For standard transactions, there's little reason a transaction should ever use more than 1 hash digest iteration per 32 bytes (i.e. double-hashing every hash input, and every hash input is shorter than one 64-byte message block, so no efficiency gains from longer messages). Even if the hashed data is provided by the locking script/UTXO, because the pattern would necessarily be P2SH, the data must still be pushed in the transaction itself as redeem bytecode.

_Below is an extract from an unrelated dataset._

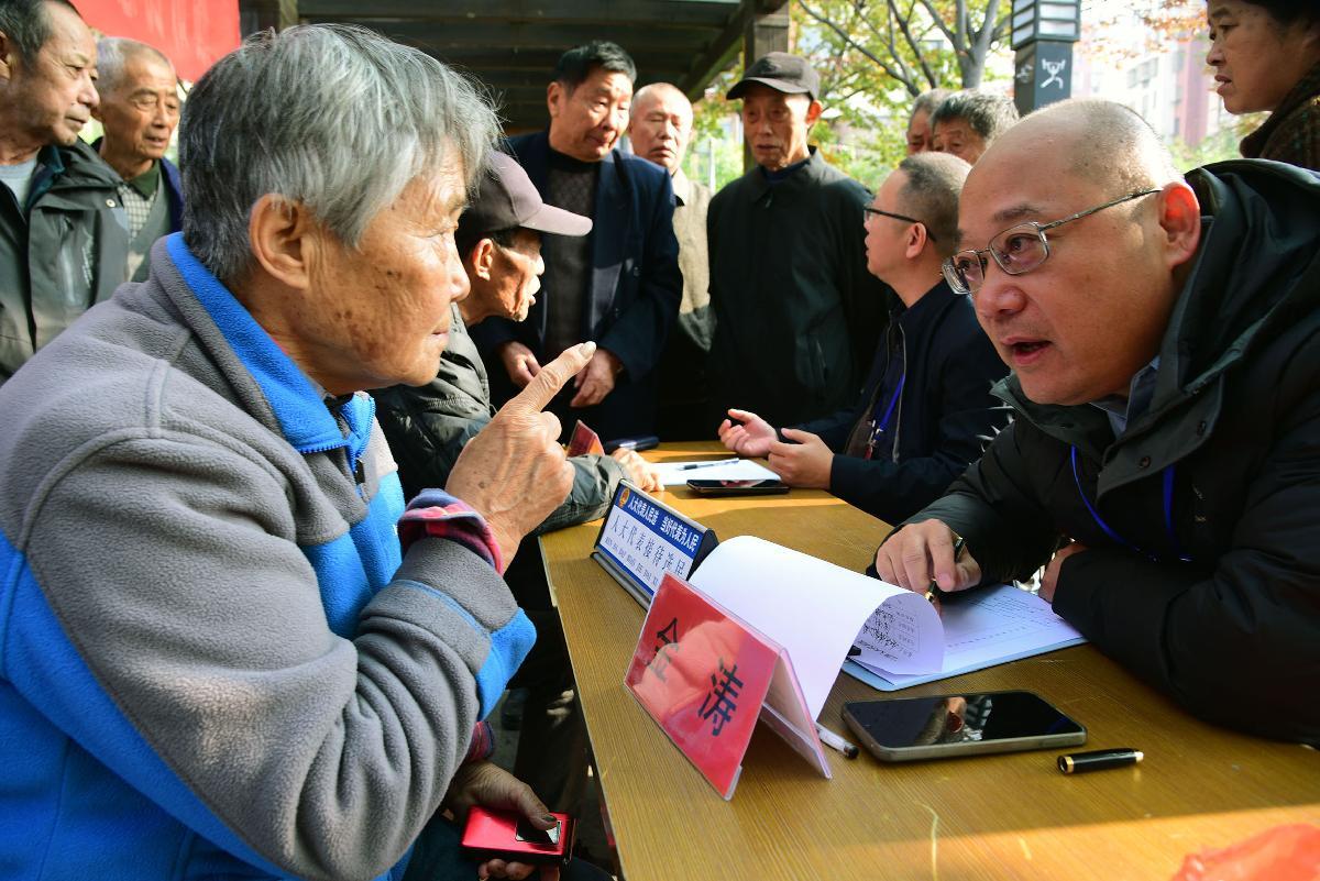 11月14日,在江蘇省鎮(zhèn)江市潤州區(qū)和平路街道新金江社區(qū),人大代表面對面聽取選民的意見和建議。當日,鎮(zhèn)江市開展“五級人大代表接待選民日”活動,各級人大代表分別走進村和社區(qū)接待選民,面對面傾聽民聲民意。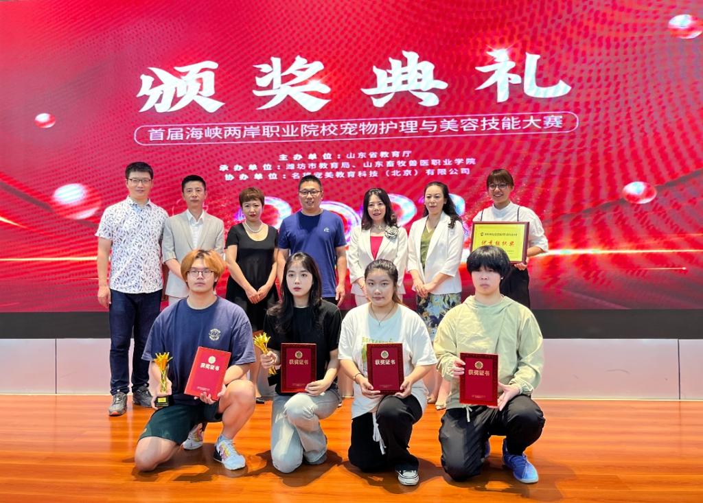 为深化两岸职业教育交流,提升职业院校人才培养质量,2023年7月12日至14日,由山东省教育厅主办,潍坊市教育局与山东畜牧兽医职业学院承办的首届海峡两岸职业院校技能大赛在潍坊举行。此次大赛共有自大陆和台湾19所院校的60名选手参赛,比赛内容为贵宾犬拉姆装的修剪。

For nonstandard transactions, we would set the limit at ~2 digest iterations per byte, the density that is currently possible with today's limits. This would allow experimentation past the standardness limit for transaction relay and also ensure that any currently spendable UTXOs remain spendable indefinitely. (Aside, I think the 2020 SigChecks changes may have theoretical violated this, so on principle we should probably target slightly higher nonstandard signature operation limits to remedy that: https://gitlab.com/bitcoin-cash-node/bitcoin-cash-node/-/issues/109. I'll mention that
OP_CODESEPARATOR
would be a problem without sigchecks, andOP_CODESEPARATOR
remains useful in some scenarios for allowing signatures to efficiently commit to an executed path within a transaction.)So VM implementations would track both
digestIterations
andsignatureChecks
over the course of the evaluation, failing the evaluation if they exceed the fixed number allocated based on the transaction's size. When validating a full transaction, the value after each input's evaluation can be passed in as the initial value to the next input's evaluation to minimize total computation; validation can stop as soon as a limit is exhausted, no need to wait for all inputs to be evaluated and the transaction level metrics to be aggregated. (Note that parallelization of input validation within a transaction is somewhat possible but low-value, as double spending must still be prevented between inputs in the same transaction. It's more useful to parallelize validation at the transaction level, where the same coordination has to happen to prevent double spending too.)